Ich schreibe fast jedem, der mir in den Sinn kommt und der irgendwie auch nur in der Nähe der Inneren Stadt hätte sein können. Nur meinem Bruder schreibe ich nicht. Er hat zwei kleine Kinder. Er ist immer zu Hause, er ist auch jetzt bestimmt zu Hause – oder? Ich will auf Nummer Sicher gehen und frage nach. Er schreibt zurück: „Nein. Bin am Praterstern in einem Lokal“. Ich glaube es ihm zuerst nicht. Dann denke ich mir, wieso sollte er darüber einen Scherz machen.

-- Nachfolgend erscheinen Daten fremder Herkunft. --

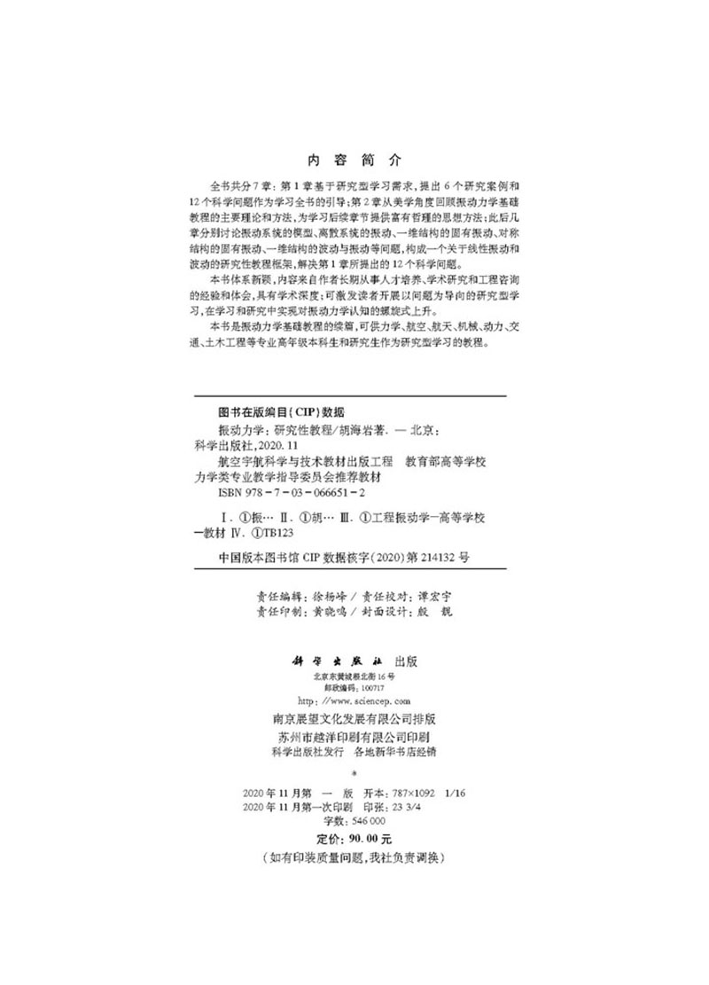 振动力学研究性教程 社9787030666512 航空宇航科学与技术十三五规划教材胡海岩著科学出版

Der Praterstern ist 16 Minuten von den Geschehnissen entfernt. Ich weiß, dass die Menschen in der Innenstadt mittlerweile dazu angehalten sind, in den Lokalen zu bleiben. Ich werde unruhig. Ich bitte meinen Bruder, mich am Laufenden zu halten. Er kann kurze Zeit später mit dem Taxi heimfahren. Zum Glück war er am Praterstern. Ein paar Stunden zuvor hatte sein Freund Christoph ihn gefragt, ob er mit in ein Lokal in der Vorlaufstraße 2 möchte.

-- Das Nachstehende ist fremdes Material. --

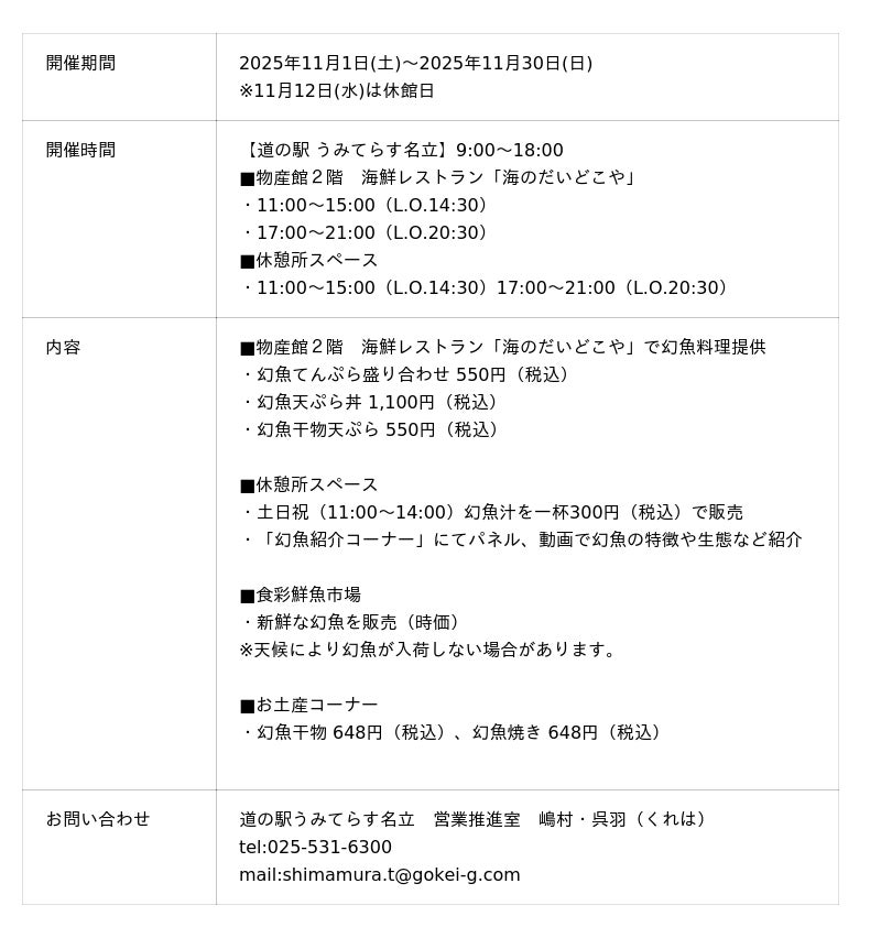 株式会社ゆめ企画名立(本社:新潟県上越市、代表取締役:細谷 貴雄)が運営する「道の駅 うみてらす名立」では、2025年11月1日(土)から11月30日(日)までの期間、名立漁港で水揚げされた“幻魚(げんぎょ)”をテーマにした「幻魚フェア」を開催します。

„Auf einmal höre ich ein Knallen“

Christoph ist mit seiner Freundin und zwei Freunden in einem Lokal in der Vorlaufstraße in der Nähe vom Schwedenplatz. Sie wollen noch den letzten Abend vor dem Lockdown genießen. Kurz vor 20 Uhr zahlen sie. „Wir sind dann hinausgegangen und haben vor dem Lokal noch gequatscht“, erzählt der Wiener. „Auf einmal höre ich ein Knallen. Ich schaue um mich herum und denke: ‚Wer schießt das Feuerwerk“? Beim vierten und fünften Mal wurde er stutzig. „Für mich war es dann relativ eindeutig, dass es Schüsse waren, weil sie sehr schnell hintereinander abgefeuert wurden“. Dann scheint es so, als würde sich die Gefahr entfernen.

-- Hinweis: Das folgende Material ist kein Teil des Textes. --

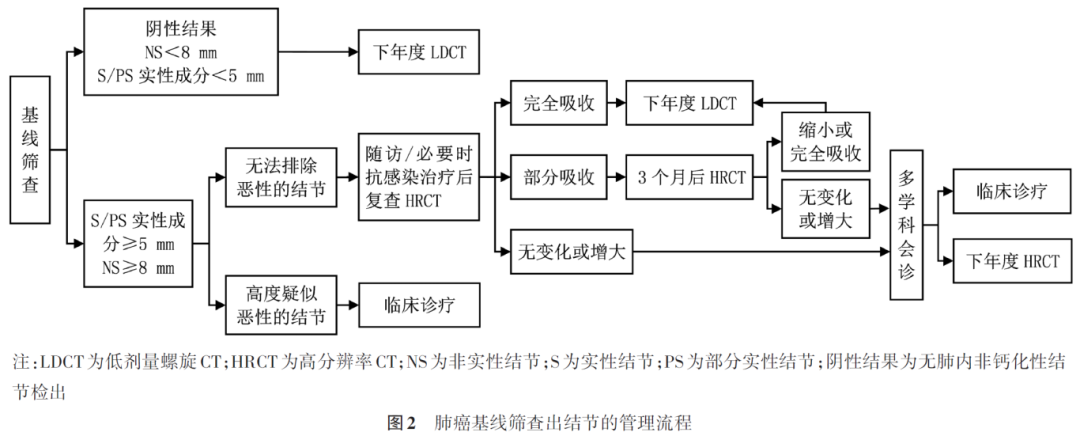 (1)无肺内非钙化性结节检出(阴性结果),或检出的非实性结节平均长径<8 mm,或实性结节/部分实性结节的实性成分平均长径<5 mm,建议进入下年度LDCT筛查。(2)检出的非实性结节平均长径≥8 mm,或实性结节/部分实性结节的实性成分平均长径≥5 mm,如无法排除恶性结节,建议随访或必要时抗感染治疗后复查高分辨率CT(high resolution computed tomography, HRCT);如结节完全吸收,建议进入下年度LDCT筛查;如结节部分吸收,3个月后复查HRCT;如继续吸收或完全吸收,建议进入下年度LDCT筛查;如无变化或增大,建议多学科会诊后决定是否进行临床治疗。对于高度怀疑恶性的结节,建议进行临床治疗。

Die Gruppe ist kurz erleichtert. Doch dann kommen die Schüsse wieder näher. Sie entscheiden sich, lieber schnell das Weite zu suchen. Christoph und seine Freundin trennen sich von den anderen beiden und gehen in Richtung U-Bahn zu ihrem Motorroller. Auf ihrem Heimweg bleiben sie kurz stehen und fragen Passanten, was los sei. Irgendwer erwähnt etwas von Schüssen. „Wir fahren dann weiter Richtung Salztor hinunter und ich drehe mich zu meiner Freundin um und frage sie, ob sie das auch riecht. Es riecht, als hätte jemand Schüsse abgegeben“. Sie fahren an Blaulicht vorbei und bekommen die Schüsse mit, die offenbar zwischen Polizei und dem Täter abgegeben werden. Zu Hause angekommen fühlt er sich aufgeregt. Er schaltet den Fernseher ein und sieht, was er gerade erlebt hat.